When we talk about Hadoop and integration, are we talking about semantic interoperability or is it statistically weighted string matching? John O’Gorman asked this after reading last week’s news round-up.
I’d mentioned a number of new releases, all primarily around integration, which prompted the question. O’Gorman explained further:
My understanding is that users of Hadoop can dump huge amounts of pretty much any kind of data into its hoppers without worrying too much about integrity constraints, and get some basic patterns of relationship. If that's the case, and I understand its appeal, wouldn't the tradeoff be between the ease of use vs. the precision of the conclusions coming out the other end?
It’s a pretty technical question, but what he’s really speaking to is how reliable or useful the data will be when it comes out of Hadoop.
As he noted in a follow-up comment, when he reports statistics to his executives, he can’t “imply anything.” That means he needs a precise count of customers. He wrote:
Since so much of executive information reports depend on precise counts (of customers, for example) and percentages using that count as a denominator, I can't afford to miss the fact that John Smith appeared five times and was in fact five different people or, alternatively is spelled five different ways and is the same person. There are very strong tendencies, when technology is hyped as much as Big Data has been, to commingle the language of 'how' it works to an examination of 'why' (or whether) it is delivering useful results.https://o1.qnsr.com/log/p.gif?;n=203;c=204663295;s=11915;x=7936;f=201904081034270;u=j;z=TIMESTAMP;a=20410779;e=i
So, clearly, there’s a strong business driver for ensuring data quality with Big Data at his organization. I suspect, however, he’s not alone in wondering just how useful Big Data will be for analysis that requires more pristine data, which requires more than simple string matches.
But heck if I know how well these products handle data quality and integration on semantics. As I try to point out regularly, I only play an integration “expert” on the Internet. In real life, I’m just somebody who asks questions of much smarter people, and then tries to translate it into English.
So I did what I do best. I asked for responses via Twitter and emailed the vendors mentioned in the post for more information.
Hadoop, as it turns out, is a great place to dump data if you need to be fast — but if you want to be efficient, or in this case, efficient and effective, then Hadoop alone isn’t going to cut it.
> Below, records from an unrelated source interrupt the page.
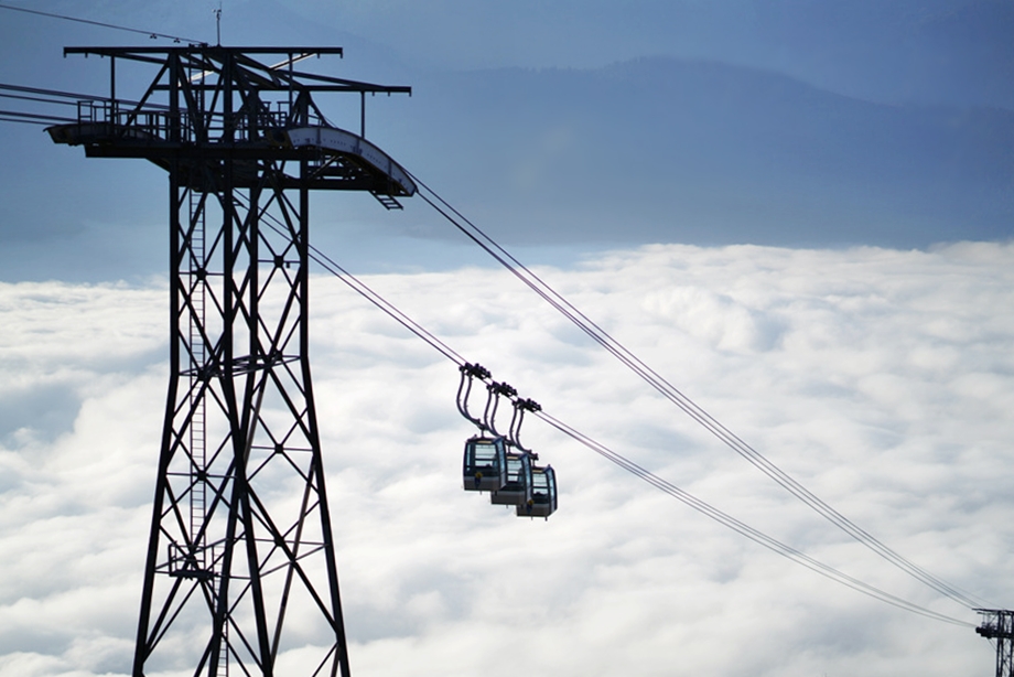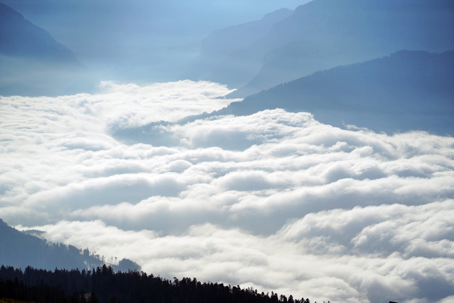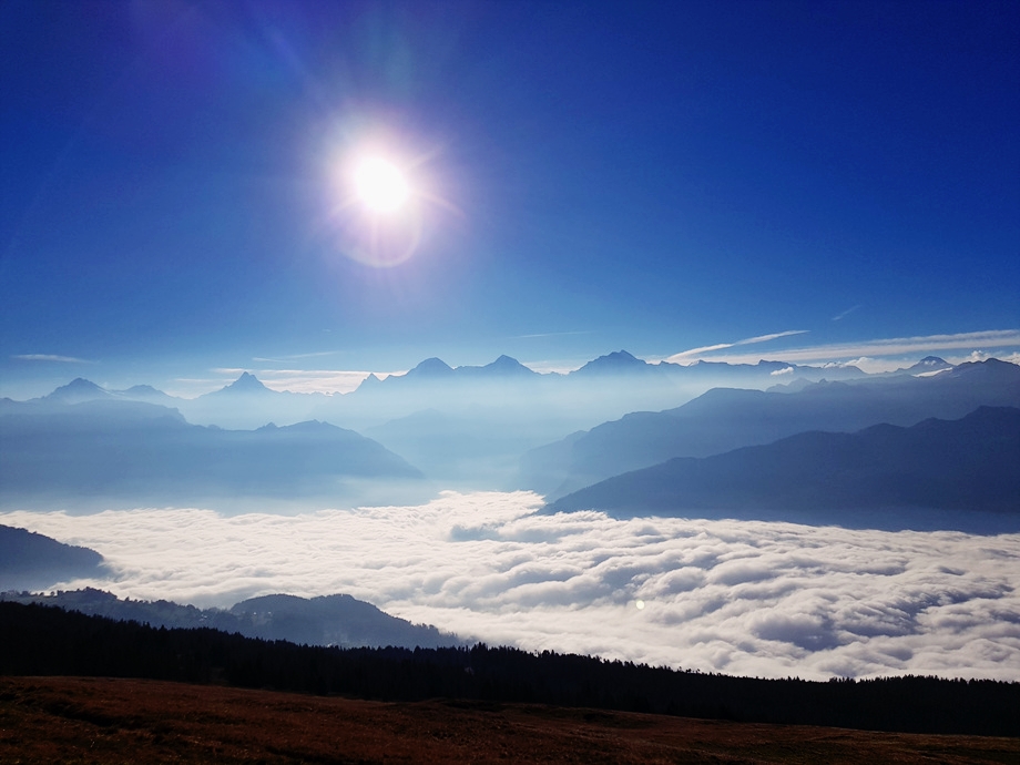 보이는 것은 구름의 바다. 내리쬐는 태양, 파란하늘, 안개 속 알프스.
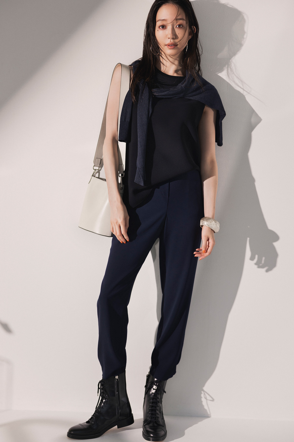 スポーティなエッセンスを加えるジョガーパンツの一点投入で、着慣れたカジュアルが都会的に進化。ジョガーパンツは後ろの裾のみゴム仕様のカジュアル感をセーブするデザインで、大人も挑戦しやすいのが魅力。落ち感のある“Powder Crepe”素材と脚のラインを拾わないテーパードシルエットで、リラクシーなのにちゃんとキレイめ! ブーツなどで足元を変えれば、夏はもちろん秋まで大活躍の予感。
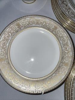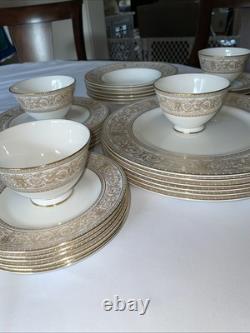 Made from fine bone china, the set is both durable and delicate, ideal for special occasions or everyday use. The vintage nature of the pieces adds a touch of nostalgia and charm to any dining experience, making it a sought-after addition for collectors of fine dinnerware. This set includes 6 dinner plates, 6 salad plates, 6 bowls, 6 bread dishes, 6 saucers and only 4 tea cups.

Data warehouse (DW) architect Mark Madsen, a principal with consultancy Third Nature, makes that clear in a recent TDWI ebook, "Big Data Integration."
“Hadoop is brute force parallelism,” he told TDWI. “If you have some data such as user IDs and you want to get some other data via a look-up, you [have to] write your own join in code. There’s no facility for single-row look-up, so you [have to] write your own joins and deal with sorting, also on your own.”
That’s easy to do if you have a parallel programming or engineering expert on staff — but most people don’t. And that’s one of the many reasons why good integration and data quality tools will be so important moving forward with Hadoop and other Big Data tools.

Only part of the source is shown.